Brief: Up to and including the line that holds "使いやすい道具はシンプルで美", print the data exactly from its first line; do not print the pictures.
Start of Given records
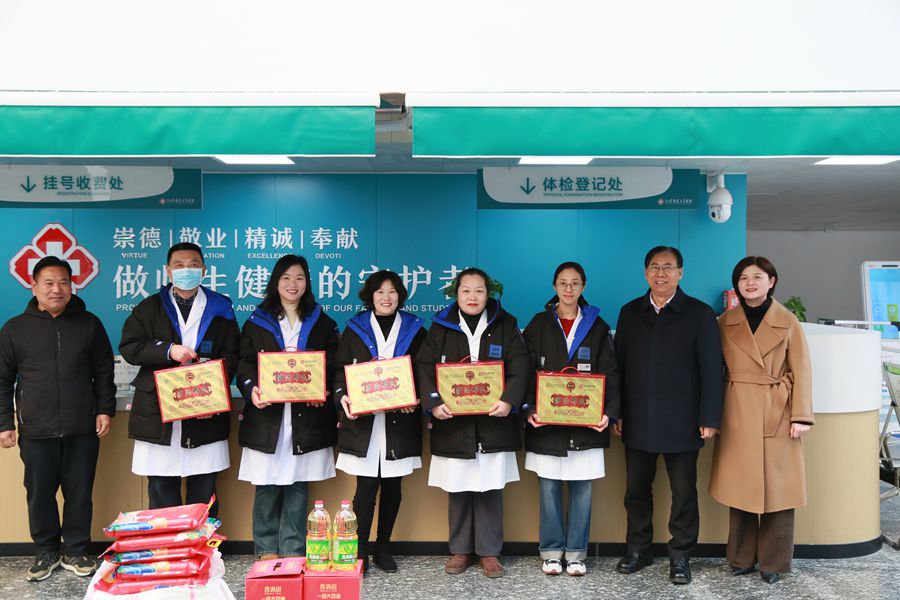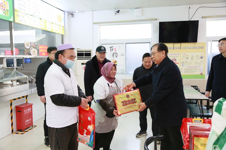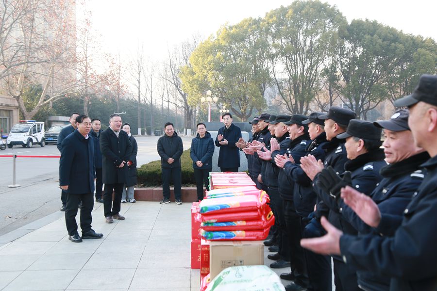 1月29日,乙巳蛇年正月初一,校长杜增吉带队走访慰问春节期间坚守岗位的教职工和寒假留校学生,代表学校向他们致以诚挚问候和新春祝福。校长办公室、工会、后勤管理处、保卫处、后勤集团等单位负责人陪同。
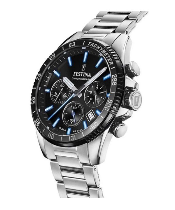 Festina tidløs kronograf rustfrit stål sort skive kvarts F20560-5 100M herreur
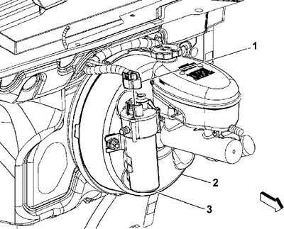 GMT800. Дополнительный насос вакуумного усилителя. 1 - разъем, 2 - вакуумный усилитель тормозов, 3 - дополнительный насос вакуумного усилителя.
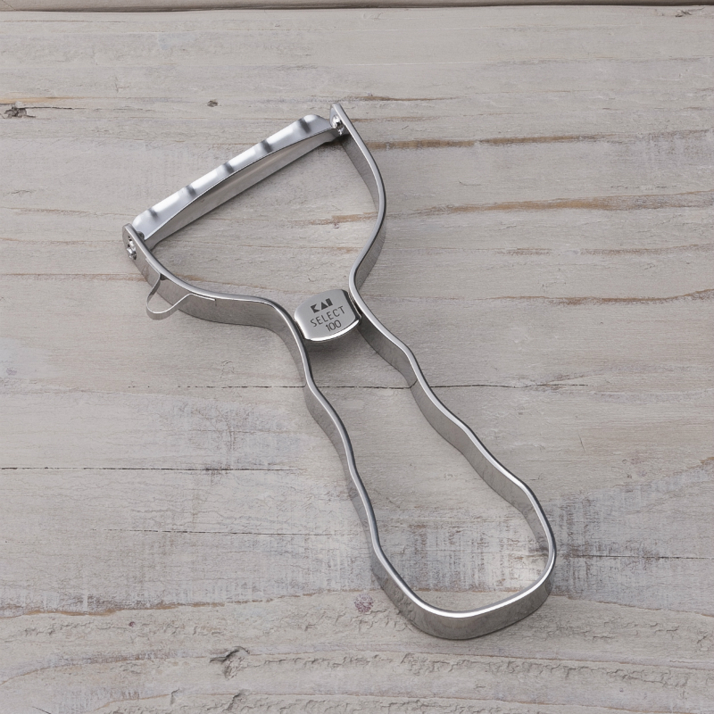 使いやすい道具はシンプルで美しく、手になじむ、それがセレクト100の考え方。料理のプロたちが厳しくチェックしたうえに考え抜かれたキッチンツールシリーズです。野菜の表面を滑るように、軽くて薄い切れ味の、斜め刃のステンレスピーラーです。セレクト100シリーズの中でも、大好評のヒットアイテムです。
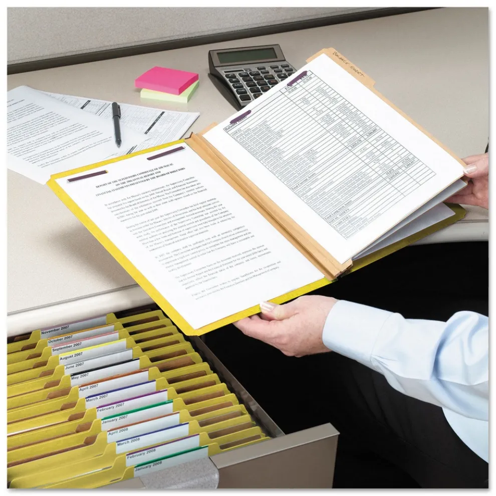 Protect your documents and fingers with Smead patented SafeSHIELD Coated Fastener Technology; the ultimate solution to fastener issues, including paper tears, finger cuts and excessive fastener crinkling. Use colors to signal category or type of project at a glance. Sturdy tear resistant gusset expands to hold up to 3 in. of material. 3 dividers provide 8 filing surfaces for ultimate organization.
End of Given records
Response to this exercise:
 1月29日,乙巳蛇年正月初一,校长杜增吉带队走访慰问春节期间坚守岗位的教职工和寒假留校学生,代表学校向他们致以诚挚问候和新春祝福。校长办公室、工会、后勤管理处、保卫处、后勤集团等单位负责人陪同。
 Festina tidløs kronograf rustfrit stål sort skive kvarts F20560-5 100M herreur
 GMT800. Дополнительный насос вакуумного усилителя. 1 - разъем, 2 - вакуумный усилитель тормозов, 3 - дополнительный насос вакуумного усилителя.
 使いやすい道具はシンプルで美しく、手になじむ、それがセレクト100の考え方。料理のプロたちが厳しくチェックしたうえに考え抜かれたキッチンツールシリーズです。野菜の表面を滑るように、軽くて薄い切れ味の、斜め刃のステンレスピーラーです。セレクト100シリーズの中でも、大好評のヒットアイテムです。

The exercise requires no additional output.